#### [TASK GOAL]
In the listing below, find the line containing "Carrito de camping" and the line containing "También durante tareas", then copy exactly everything from the first through the second, except the pictures.

#### [RECORDS SHOWN]
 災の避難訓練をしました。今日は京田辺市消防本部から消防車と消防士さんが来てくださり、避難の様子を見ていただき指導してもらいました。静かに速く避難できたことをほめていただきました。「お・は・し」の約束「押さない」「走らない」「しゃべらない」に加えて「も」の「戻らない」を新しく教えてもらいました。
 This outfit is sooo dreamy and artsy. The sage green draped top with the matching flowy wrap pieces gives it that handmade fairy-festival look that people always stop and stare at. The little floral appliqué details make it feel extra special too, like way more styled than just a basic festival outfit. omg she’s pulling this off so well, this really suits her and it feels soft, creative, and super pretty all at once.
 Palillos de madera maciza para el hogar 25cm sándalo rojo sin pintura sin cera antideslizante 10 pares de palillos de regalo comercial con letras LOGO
---
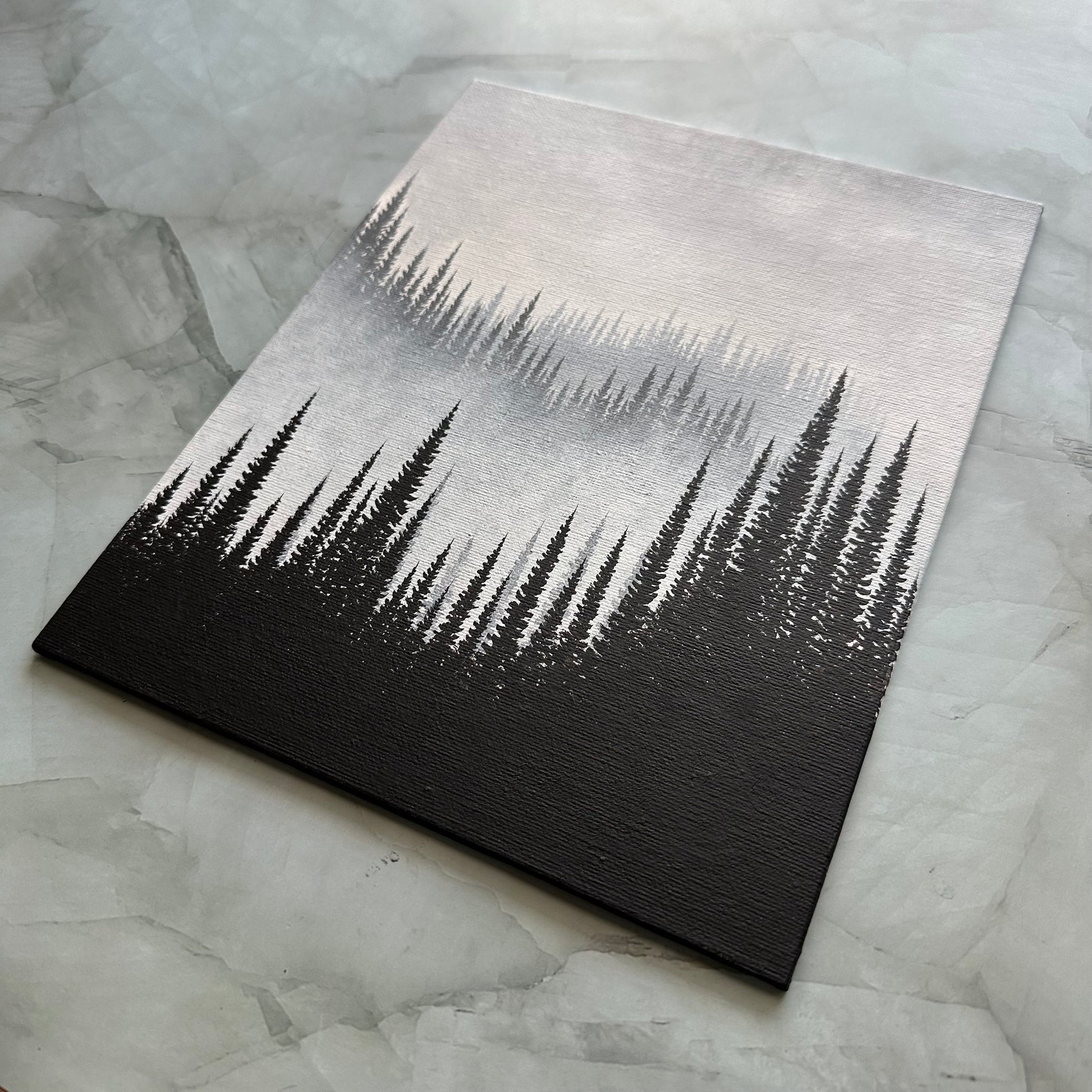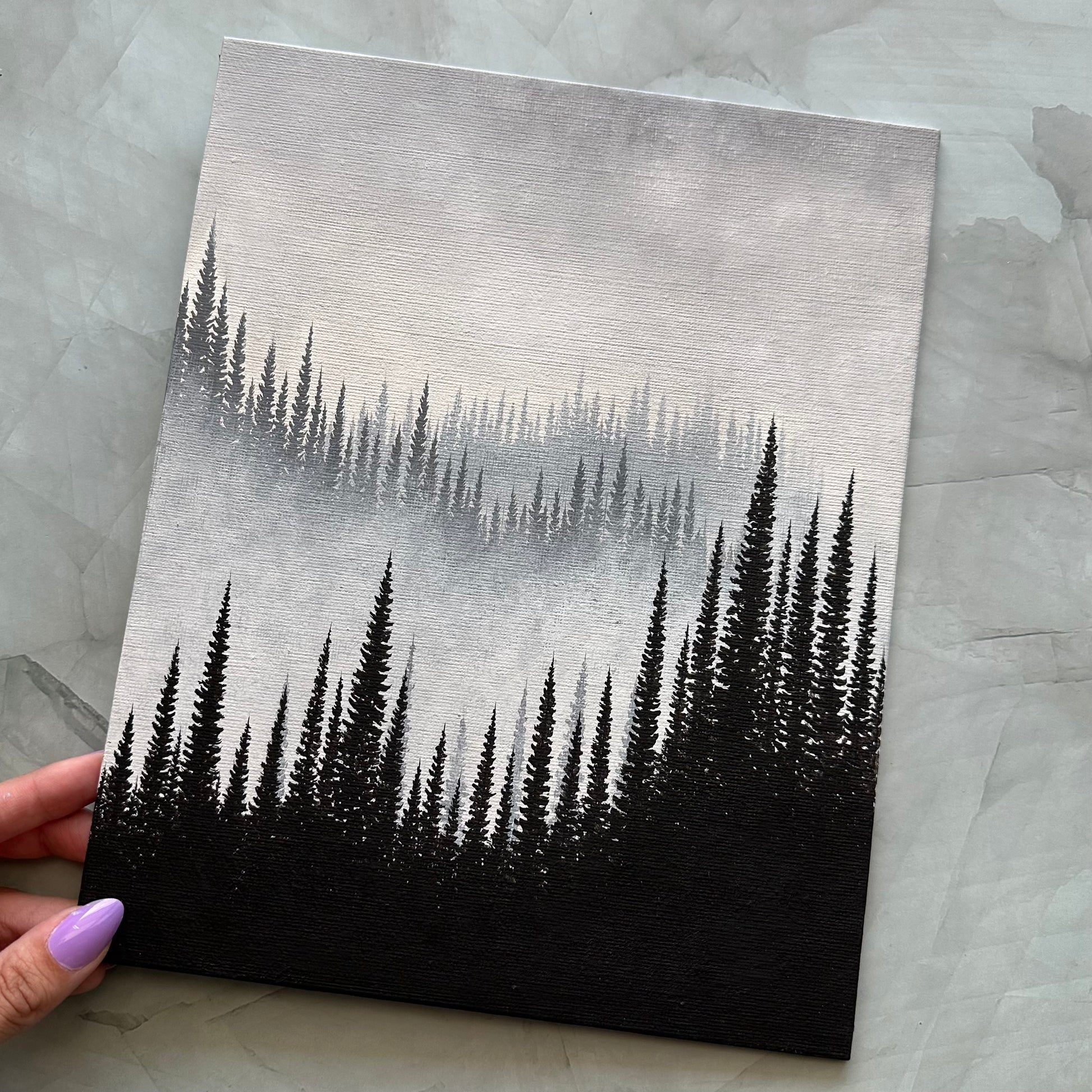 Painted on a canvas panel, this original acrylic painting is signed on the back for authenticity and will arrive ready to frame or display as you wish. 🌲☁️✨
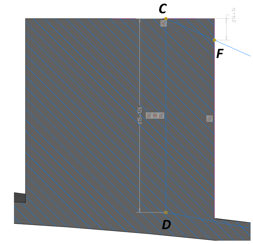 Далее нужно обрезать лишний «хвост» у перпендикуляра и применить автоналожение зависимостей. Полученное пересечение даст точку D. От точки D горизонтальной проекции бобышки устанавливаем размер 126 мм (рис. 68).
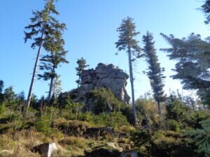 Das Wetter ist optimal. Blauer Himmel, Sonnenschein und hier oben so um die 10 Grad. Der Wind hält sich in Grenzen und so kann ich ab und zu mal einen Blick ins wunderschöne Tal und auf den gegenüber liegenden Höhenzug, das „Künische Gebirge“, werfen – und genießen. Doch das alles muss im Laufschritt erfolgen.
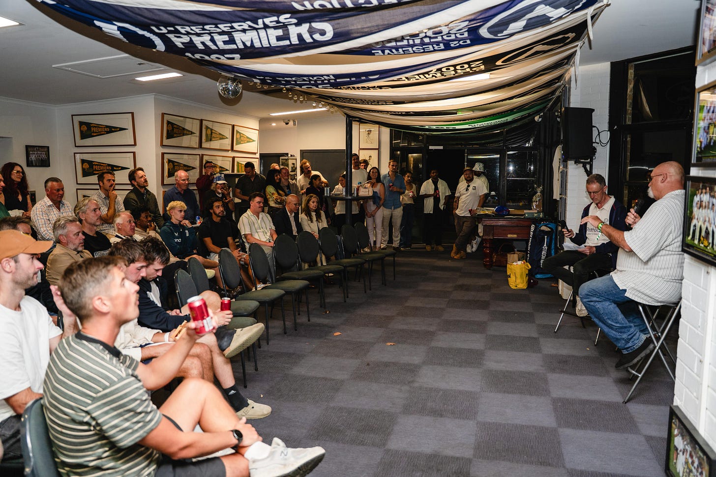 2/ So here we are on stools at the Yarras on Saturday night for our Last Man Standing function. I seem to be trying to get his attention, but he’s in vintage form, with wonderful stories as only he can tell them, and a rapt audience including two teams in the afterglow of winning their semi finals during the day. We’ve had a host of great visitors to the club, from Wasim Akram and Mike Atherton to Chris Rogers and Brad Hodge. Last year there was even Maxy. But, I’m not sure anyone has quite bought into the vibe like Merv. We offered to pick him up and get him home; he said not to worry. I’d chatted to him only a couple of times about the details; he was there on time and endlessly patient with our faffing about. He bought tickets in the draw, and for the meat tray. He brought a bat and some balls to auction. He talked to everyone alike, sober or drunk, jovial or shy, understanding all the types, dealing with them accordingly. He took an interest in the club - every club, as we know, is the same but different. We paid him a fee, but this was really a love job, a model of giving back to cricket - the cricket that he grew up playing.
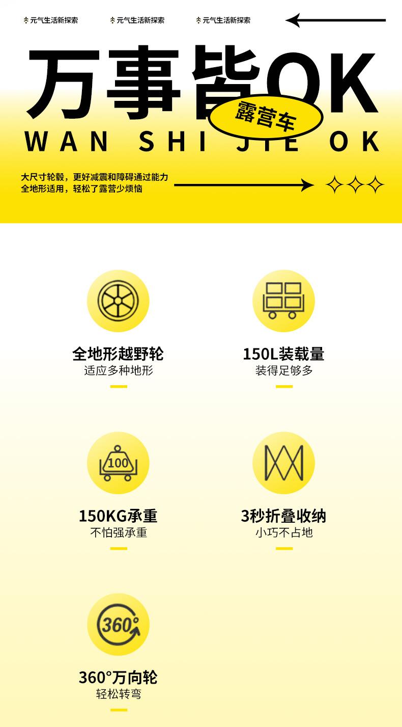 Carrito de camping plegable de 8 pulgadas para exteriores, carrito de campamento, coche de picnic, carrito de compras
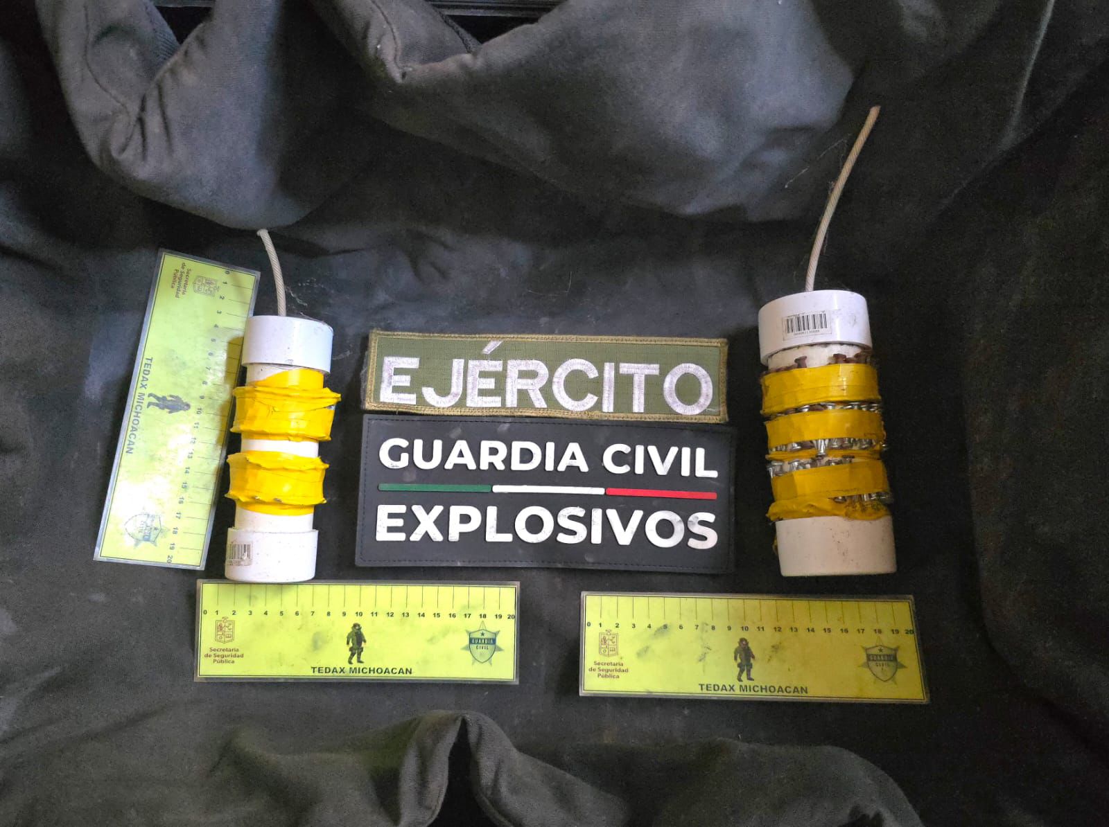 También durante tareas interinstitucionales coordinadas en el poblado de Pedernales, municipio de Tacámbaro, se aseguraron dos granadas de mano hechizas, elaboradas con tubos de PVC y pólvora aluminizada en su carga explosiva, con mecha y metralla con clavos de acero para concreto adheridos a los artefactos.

#### [EXPECTED ANSWER]
 Carrito de camping plegable de 8 pulgadas para exteriores, carrito de campamento, coche de picnic, carrito de compras
 También durante tareas interinstitucionales coordinadas en el poblado de Pedernales, municipio de Tacámbaro, se aseguraron dos granadas de mano hechizas, elaboradas con tubos de PVC y pólvora aluminizada en su carga explosiva, con mecha y metralla con clavos de acero para concreto adheridos a los artefactos.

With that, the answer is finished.